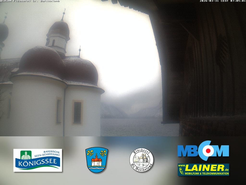 Archived webcam image showing St. Bartholomae and Lake "Koenigssee" on 31 Mar 2026 at 07:01 06:00
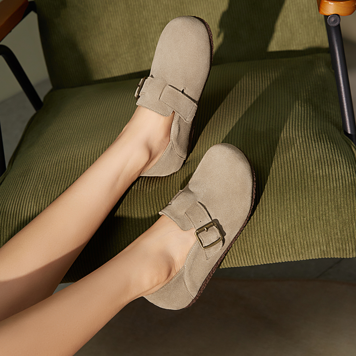 全包头平底一脚蹬孕妇博肯单鞋 春秋季 女2025款 意尔康真皮勃肯鞋
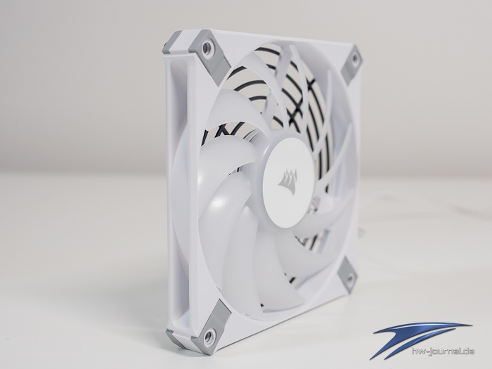 Die Lüfter selbst kommen bei der 120mm-Ausführung mit einem Regelbereich von 600 bis 2000 Umdrehungen pro Minute daher, ein leiser Betrieb erscheint also ohne weiteres möglich. Die Lautstärke gibt Corsair mit 27,5 dbA an, bei welcher Drehzahl wird nicht mitgeteilt. Der Luftdurchsatz wird ebenfalls von 13,4 bis 56,3 m²/H angegeben. Insgesamt haben die Lüfter 11 Rotorblätter verbaut bekommen, sowie ab Werk ein Lüftergitter anno 2008 spendiert bekommen. Diese sehen zwar etwas deplatziert aus, erfüllen aber ihren Zweck. Eine Lackierung in Weiß wäre noch schön gewesen und hätte den roten Faden des cleanen Looks zu Ende gespannt.
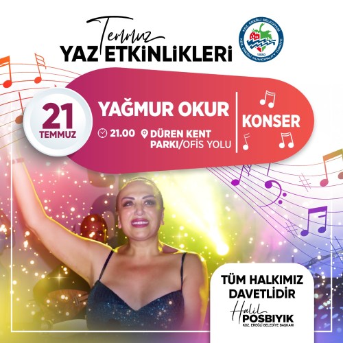 Pazar günü akşam ise Batı Karadeniz bölgesinin divası olarak bilinen Yağmur Okur konseri sizlerle olacak. Saat 21.00’da Düren Kent Parkı Ofis Yolu’nda Yağmur Okur, şarkılarıyla Ereğli halkını coşturacak.
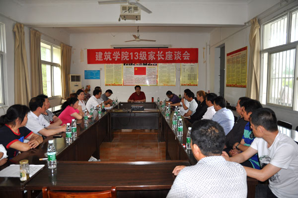 5月23日下午3点,建筑学院在培智楼二楼会议室召开了2012和2013级学生家长代表座谈会。出席座谈会的领导老师有校团委书记、学工处副处长杨勇,学工处学生管理科副科长吴冬,建筑学院党总支书记朱建军、副书记刘国峰以及建筑学院专职辅导员,会议由建筑学院团总支副书记田涛老师主持。
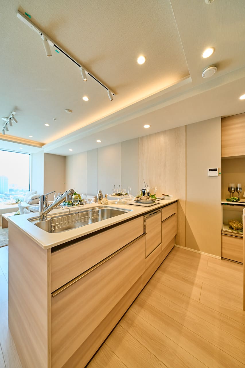 キッチンは、動線が最小限に済んで料理が捗るⅡ型。リビングダイニングを見渡しながら料理ができる対面式にもなっているので、家族や来客との会話も弾みます。
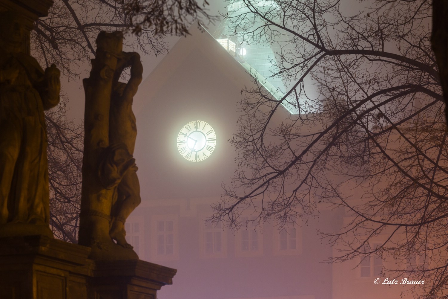Die stillen Altstadtgassen sind das Eine, die von Scheinwerfern angestrahlten Gebäude das andere „Wunder“, welche erst im dichten Nebel ihren wahren Reiz entfalten.
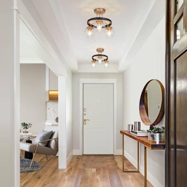 Skubnkoh Modern 14.5 in. 3-Light Black and Gold Cluster Semi-Flush Mount Ceiling Light with Globe Seeded Glass Shade
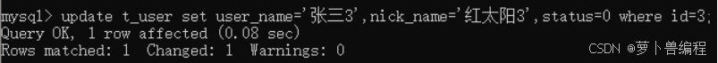 SET:后面跟着你想要修改的列名和它们对应的新值。你可以一次更新多个列。
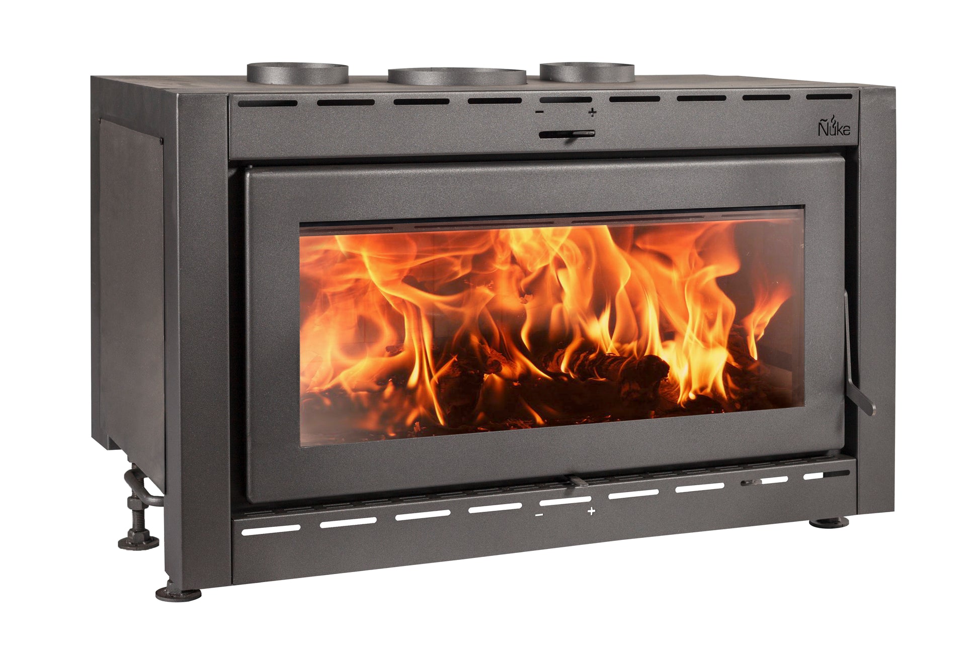 Su menor altura permite ajustarse mejor a hogares existentes. Calefactor a leña para derivación de aire caliente
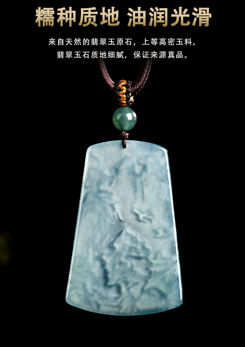 天然翡翠a商品高氷種木那陽緑山水牌ペンダント精彫刻漂花龍牌ペンダント関公男金
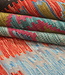 Leicht, langlebig und wendbar ist dieser Kelim nicht nur praktisch, sondern auch ein zeitloses Kunstwerk, das jeden Raum aufwertet. Jeder Teppich ist ein Unikat und zeigt die Geschicklichkeit und Liebe zum Detail des Handwerkers, was ihn zu einer perfekten Ergänzung sowohl für moderne als auch traditionelle Innenräume macht.
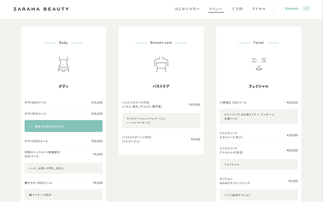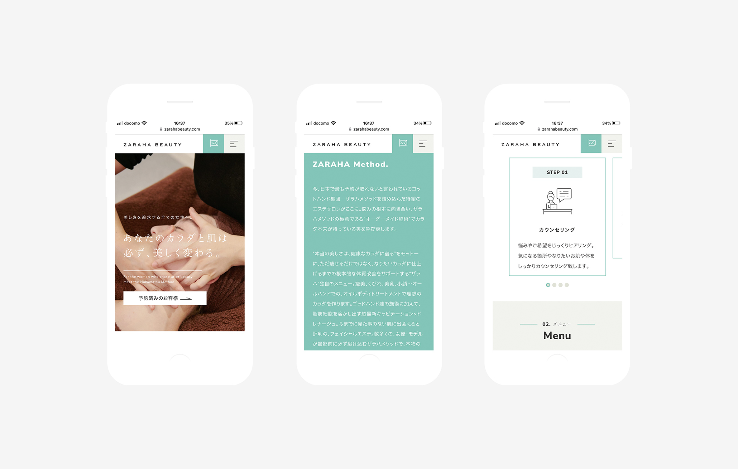 ボディフェイシャル・ヘッドマッサージ・腸マッサージなどのカラダと肌の全ての悩みを解決するフェイシャルエステ「zaraha beauty」のブランドサイト制作を担当しました。
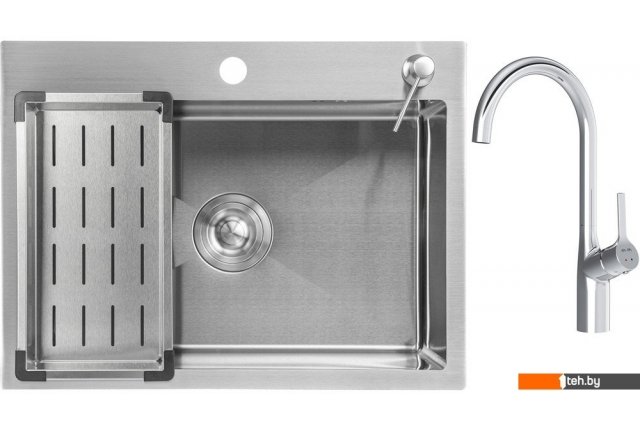 | Комплектация | Мойка кухонная Saniteco 6045 (с сифоном, дозатором и коландером), Смеситель AM.PM Spike F9S07000 (хром) |
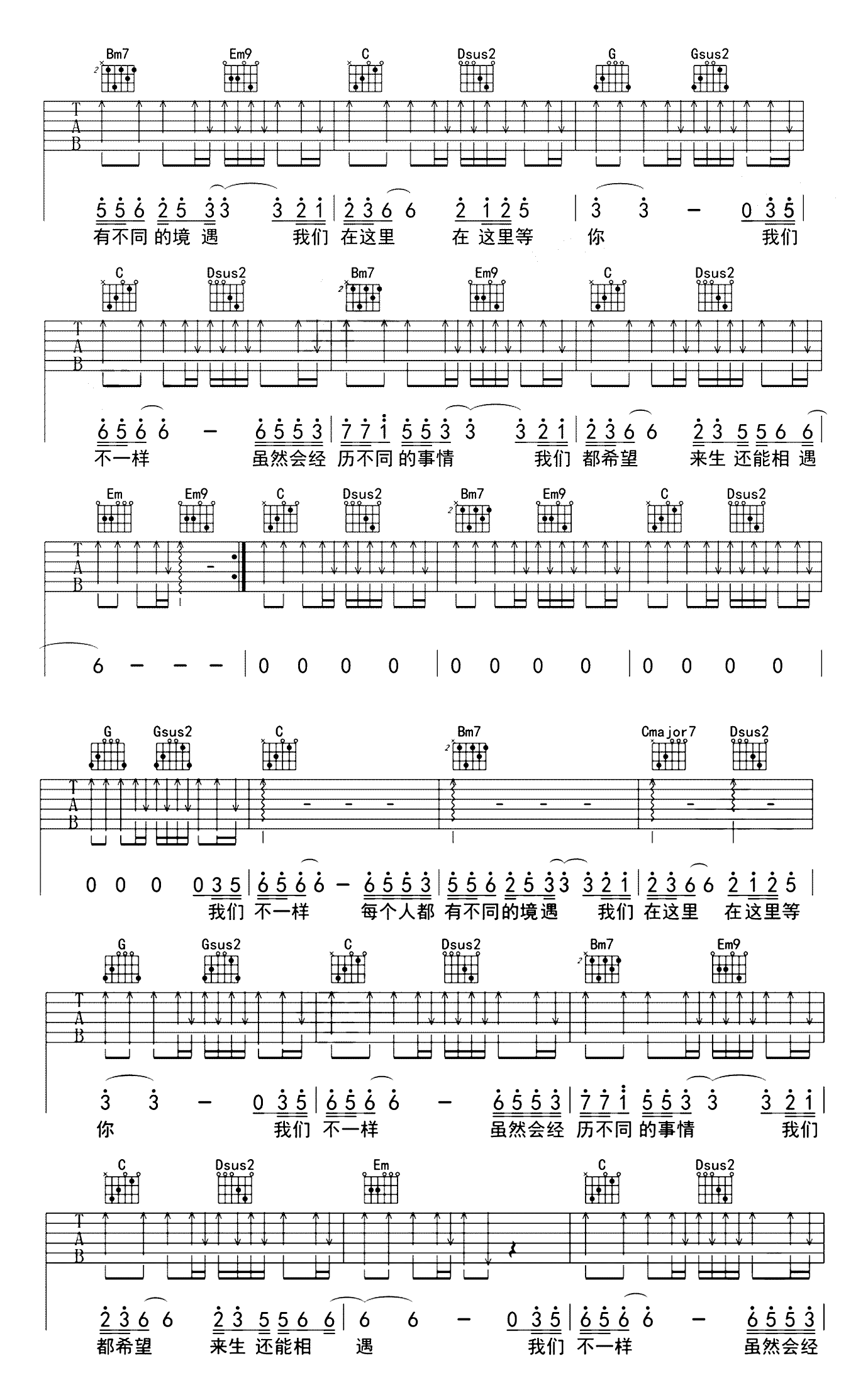 大壮 《我们不一样》吉他谱 - 好听到爆炸
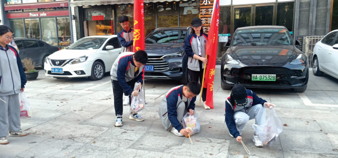 早上8時(shí)許,簡(jiǎn)短的啟動(dòng)儀式之后,高一年級(jí)1000余名同學(xué),在老師和家長(zhǎng)志愿者的帶領(lǐng)下,分班奔赴校園周邊路段。咸寧大道兩側(cè)、銀泉大道、人民廣場(chǎng)等路段和場(chǎng)所,同學(xué)們一手拎垃圾袋,一手拿筷子,像模像樣,順手撿起人行道、街邊商鋪、綠化帶的紙屑、煙頭等垃圾,所到之處,變干凈了,也更有顏值了。過往的居民對(duì)師生們的行動(dòng)紛紛豎起了大拇指。面對(duì)街邊商鋪招牌、宣傳標(biāo)語、道路指示牌等的語言文字規(guī)范使用進(jìn)行實(shí)地觀察,對(duì)不規(guī)范用字現(xiàn)象、翻譯及時(shí)登記。
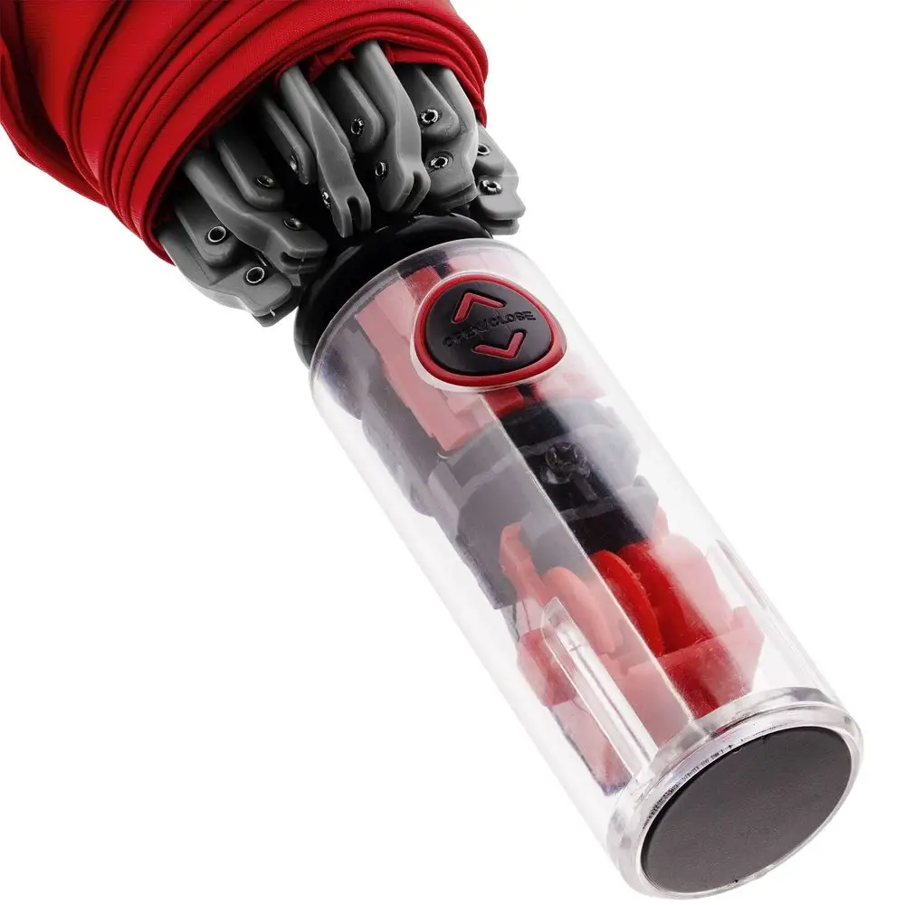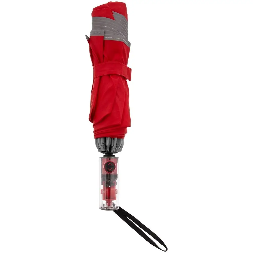 Складной зонт Futurum привлекает внимание оригинальным дизайном. Складываясь после дождя, он прячет мокрую поверхность в себя, а сухая остается снаружи.Светоотражающий кант и ручка из прозрачного пластика, не скрывающая ярких деталей внутри, добавляют внешнему виду зонта футуристичности.
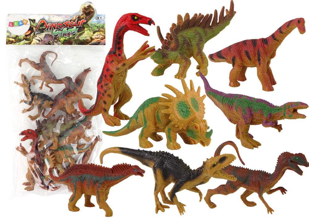 To doskonały zestaw dla małych miłośników prehistorycznych stworzeń. W jego skład wchodzi osiem realistycznych figurek różnych gatunków dinozaurów: Triceratopsa, Welociraptora, Kentrosaurusa, Maiasaura, Styrakozaura, Dilophosaurusa, Terizinozaura oraz Amargazaura. Każdy z nich wyróżnia się unikalnym kolorem i imponującą wielkością, co dodaje różnorodności do zabawy.

*Task brief:* Taking the entries above, extract every line from the one bearing "大壮 《我们不一样》吉他谱 - 好听到爆炸" through the one bearing "Складной зонт Futurum", exactly, with no pictures.

*Result of this task:*
 大壮 《我们不一样》吉他谱 - 好听到爆炸
 早上8時(shí)許,簡(jiǎn)短的啟動(dòng)儀式之后,高一年級(jí)1000余名同學(xué),在老師和家長(zhǎng)志愿者的帶領(lǐng)下,分班奔赴校園周邊路段。咸寧大道兩側(cè)、銀泉大道、人民廣場(chǎng)等路段和場(chǎng)所,同學(xué)們一手拎垃圾袋,一手拿筷子,像模像樣,順手撿起人行道、街邊商鋪、綠化帶的紙屑、煙頭等垃圾,所到之處,變干凈了,也更有顏值了。過往的居民對(duì)師生們的行動(dòng)紛紛豎起了大拇指。面對(duì)街邊商鋪招牌、宣傳標(biāo)語、道路指示牌等的語言文字規(guī)范使用進(jìn)行實(shí)地觀察,對(duì)不規(guī)范用字現(xiàn)象、翻譯及時(shí)登記。
 Складной зонт Futurum привлекает внимание оригинальным дизайном. Складываясь после дождя, он прячет мокрую поверхность в себя, а сухая остается снаружи.Светоотражающий кант и ручка из прозрачного пластика, не скрывающая ярких деталей внутри, добавляют внешнему виду зонта футуристичности.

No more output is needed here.